__MATERIAL TO PROCESS__:
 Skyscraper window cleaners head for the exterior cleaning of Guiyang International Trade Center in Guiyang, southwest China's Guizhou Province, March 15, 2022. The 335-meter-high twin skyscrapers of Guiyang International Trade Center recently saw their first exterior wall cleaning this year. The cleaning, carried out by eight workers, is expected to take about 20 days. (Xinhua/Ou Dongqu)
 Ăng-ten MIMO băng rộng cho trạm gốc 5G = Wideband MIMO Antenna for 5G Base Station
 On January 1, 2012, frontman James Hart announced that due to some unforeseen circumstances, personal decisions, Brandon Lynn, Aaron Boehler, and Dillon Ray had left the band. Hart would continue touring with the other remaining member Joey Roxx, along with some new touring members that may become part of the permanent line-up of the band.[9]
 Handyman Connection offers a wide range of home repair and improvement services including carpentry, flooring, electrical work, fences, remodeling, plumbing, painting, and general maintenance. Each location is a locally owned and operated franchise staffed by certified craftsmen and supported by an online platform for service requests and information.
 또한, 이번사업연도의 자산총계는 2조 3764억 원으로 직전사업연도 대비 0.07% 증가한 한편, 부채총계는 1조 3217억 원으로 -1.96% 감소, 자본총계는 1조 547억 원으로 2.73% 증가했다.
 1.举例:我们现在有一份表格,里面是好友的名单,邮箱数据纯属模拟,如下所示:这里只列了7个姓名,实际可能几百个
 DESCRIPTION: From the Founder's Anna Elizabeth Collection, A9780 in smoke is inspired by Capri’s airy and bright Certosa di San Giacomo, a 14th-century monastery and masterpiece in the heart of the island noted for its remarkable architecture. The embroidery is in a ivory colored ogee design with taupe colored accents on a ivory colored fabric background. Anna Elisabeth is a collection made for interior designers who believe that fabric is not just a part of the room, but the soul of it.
--
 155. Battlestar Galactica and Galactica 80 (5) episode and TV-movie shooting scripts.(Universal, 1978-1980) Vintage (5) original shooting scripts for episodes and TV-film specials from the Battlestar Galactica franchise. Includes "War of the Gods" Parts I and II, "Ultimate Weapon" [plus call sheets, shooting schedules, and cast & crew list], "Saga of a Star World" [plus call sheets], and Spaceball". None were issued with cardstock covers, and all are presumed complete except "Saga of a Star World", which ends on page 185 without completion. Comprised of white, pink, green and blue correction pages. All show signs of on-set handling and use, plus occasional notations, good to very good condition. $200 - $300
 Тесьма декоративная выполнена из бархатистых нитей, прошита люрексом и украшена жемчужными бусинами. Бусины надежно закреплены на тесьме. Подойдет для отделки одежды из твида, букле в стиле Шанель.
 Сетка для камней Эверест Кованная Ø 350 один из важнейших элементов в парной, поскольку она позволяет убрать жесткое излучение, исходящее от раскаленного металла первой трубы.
---
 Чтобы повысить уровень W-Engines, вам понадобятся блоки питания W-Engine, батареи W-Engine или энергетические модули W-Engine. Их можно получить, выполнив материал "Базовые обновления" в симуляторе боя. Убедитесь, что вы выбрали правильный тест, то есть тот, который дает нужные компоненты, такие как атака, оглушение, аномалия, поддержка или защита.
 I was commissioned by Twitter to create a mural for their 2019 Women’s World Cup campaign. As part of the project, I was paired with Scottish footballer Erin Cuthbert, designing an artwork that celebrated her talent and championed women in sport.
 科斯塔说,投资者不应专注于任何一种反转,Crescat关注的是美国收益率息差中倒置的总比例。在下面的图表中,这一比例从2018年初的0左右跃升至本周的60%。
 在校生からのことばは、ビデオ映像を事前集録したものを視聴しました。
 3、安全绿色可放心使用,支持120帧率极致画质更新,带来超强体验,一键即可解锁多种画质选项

__WHAT YOU NEED TO DO__:
Look above for the line that contains "科斯塔说,投资者不应专注于任". Starting there, transcribe every line exactly until you have copied the line that contains "3、安全绿色可放心使用,支持".

__EXPECTED ANSWER__:
 科斯塔说,投资者不应专注于任何一种反转,Crescat关注的是美国收益率息差中倒置的总比例。在下面的图表中,这一比例从2018年初的0左右跃升至本周的60%。
 在校生からのことばは、ビデオ映像を事前集録したものを視聴しました。
 3、安全绿色可放心使用,支持120帧率极致画质更新,带来超强体验,一键即可解锁多种画质选项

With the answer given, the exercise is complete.